President Trump’s principal problem is this: as he keeps doing what he does, an increasing number of politicians find that opposing Trump pays political dividends for their constituencies back home. It’s true of Democrats and foreign leaders now; and it will be true of Republicans in Democratic leaning districts soon enough. Already, even in Republican districts up for special election this spring, support of Trump didn’t cost anyone a majority of votes—but it did cost an awfully expensive minority of them.

The Financial Choice Act is a hodgepodge of unwise ideas, but the dumbest is to exempt vastly more companies from filing their financial statements tagged in XBRL (who have already been in compliance for years anyway). Few technologies have as much upside for as little cost as this one. My prediction: this idea will go away.

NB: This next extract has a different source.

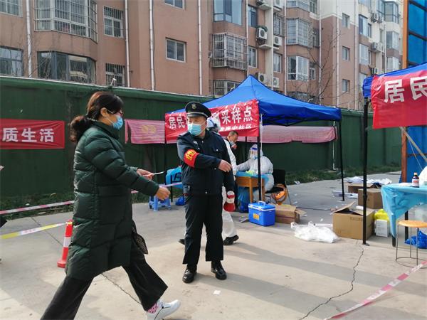 2022年1月11日,整個(gè)安陽按下了暫停鍵,公交停運(yùn),學(xué)校停課,商鋪酒店關(guān)門歇業(yè),然而抗擊疫情的腳步一刻也不能停頓。人防二大隊(duì)根據(jù)北關(guān)區(qū)疫情防控工作需要,在接到公司指令后,在疫情防控形勢(shì)異常嚴(yán)峻、各崗位人員異常緊張的情況下,與兄弟大隊(duì)人防四大隊(duì)聯(lián)手,在副大隊(duì)長張海林的帶領(lǐng)下,第一時(shí)間抽調(diào)常文廣、李艷軍等10名保安員,前往盤庚中社區(qū),承擔(dān)了核酸檢測(cè)點(diǎn)的秩序維護(hù)任務(wù)。

The point of SOX and Section 404 was to reduce the likelihood of financial restatements. Fifteen years on, restatements are down in frequency and magnitude. Like it or not, SOX compliance works.

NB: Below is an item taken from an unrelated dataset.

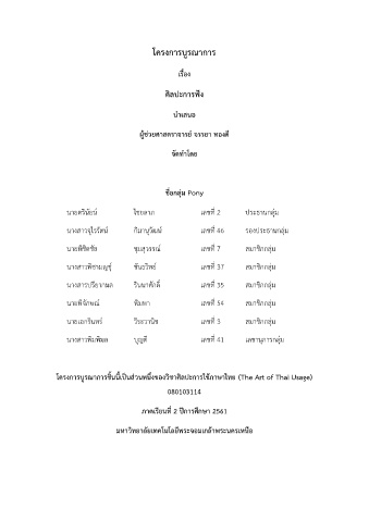 โครงการบูรณาการชิ้นนี้เป็นส่วนหนึ่งของวิชาศิลปะการใช้ภาษาไทย (The Art of Thai Usage)

Adam Turtletaub should be the next CEO of the Society of Corporate Compliance & Ethics. He’s top-notch—although, in fairness, so is everybody else at SCCE.

Writing the Compliance Jobs Report every Friday is the best part of what I do. I love seeing how compliance professionals move around and grow in their careers.

If Michael Piwowar were still acting chairman of the SEC, we wouldn’t have this hand-wringing about whether the CEO Pay Ratio Disclosure Rule might go into effect later this year after all. He’d just kill the rule unilaterally.

The longer I watch the compliance world, and the more complicated it becomes, the more I appreciate how much of the challenge is about smart information governance.

I have no problem with the SEC allowing all companies to submit confidential registration statements ahead of an IPO. It may suggest that they’re uneasy and scared, but it doesn’t mean they’re deliberately hiding bad accounting. I mean, look at Twitter and Snap. Their IPOs were wholly predicated on bad business models. They still went public.

The Trump Administration’s commission on election fraud is invitation to the largest, most damaging cybersecurity attack in U.S. history—just so President Trump, Jeff Sessions, and Kris Kobach can pursue their fantasy that people with dark skin vote illegally. Thank the Lord this idea is on hold, hopefully forever.

Hui Chen was 100 percent right to say the Justice Department can’t enforce corporate conduct laws with a straight face with President Trump behaving the way he does. He tramples every principle of good conduct he can find. If we truly ran the government like a corporation, he’d already be fired.

I have spent much time recently reading companies’ disclosure of how the new revenue recognition standard (coming in December!) might affect their financial picture. SEC officials have been warning companies that those disclosures really aren’t up to snuff. Those SEC officials have a point.

I am amazed at how much wisdom about compliance, ethics, and business conduct can be gained by raising small children.